In the last month I have begun working on my PhD thesis proper. For a year before this I had been reading the 'course literature'. Reading is something I am good at as I have been trained in it since I was a young child. To read long and deep, to read vivaciously, to read is never wrong. I was never denied a book when I was growing up, and I grew up in a house with thousands of books. This probably rings true for many and I am not saying it is a bad thing. Reading is good, but how you read is an important consideration.
Just now I am struggling to find my voice in the writing of thesis work. For the whole of my education I have been taking in and regurgitate the arguments and observances of others. I swim in the warm waters of sparkling words and adroit phrases. The mental gymnastics of French poststructuralism is something I actually enjoy (sad isn't it). I am a glutton of the reading world. But I have never really paused in my reading and begun thinking reflectively and critically, really divorcing myself from the avalanche of beautiful books and make my own word space in reaction to my reading. Although I do write from myself (poetry, stories) this is an easy recourse to an imagination that has been with me since childhood (like reading)and would have been so even without reading but perhaps expressed differently.

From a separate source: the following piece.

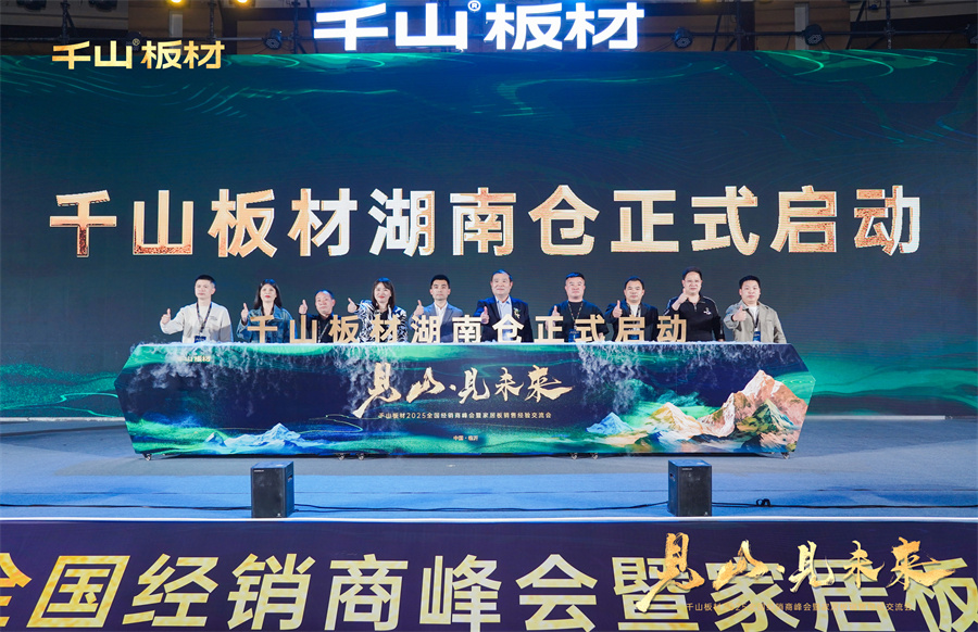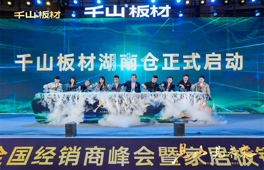 馬彥慶董事長、王松副總經(jīng)理以及千山板材湖南倉經(jīng)銷商代表孫丁娟、李濤、李維新、肖曉燕、陳江南、李輝、劉凡華、周亮共同登臺,攜手啟動千山板材全國現(xiàn)貨倉第四大倉——湖南倉。

In a sense this reader spectrum is the difference between what could be described as active and passive reading. The active reader may read only one book a month (or even parts of books) but it is digested and sustains the mental life of that person for the whole time, the book is pondered on and recalled (perhaps read several times), and is recycled in thought and action. The passive reader can read several whole books a week, reading fast and even deeply but spend little time in the worlds of each book and have largely forgotten the book 5 or 10 books later. Both readers are reading but it is done differently. Neither is 'better' than the other, just different. Where I am at just now requires me to stop so much reading and start building with words my own "world of discourse" (there's that bloody poststructuralism) and just to make it that more difficult, it has to be based around the story worlds of other authors. So, as my supervisor says, focus, calm down, and build up your argument using simple terms of your own IN YOUR OWN WORDS. This last one, 'in your own words' is what really stumps me. Really trying to think for oneself is very very difficult, trying to describe it in a clear and concise manner is even harder. I think I have to stop reading and start thinking.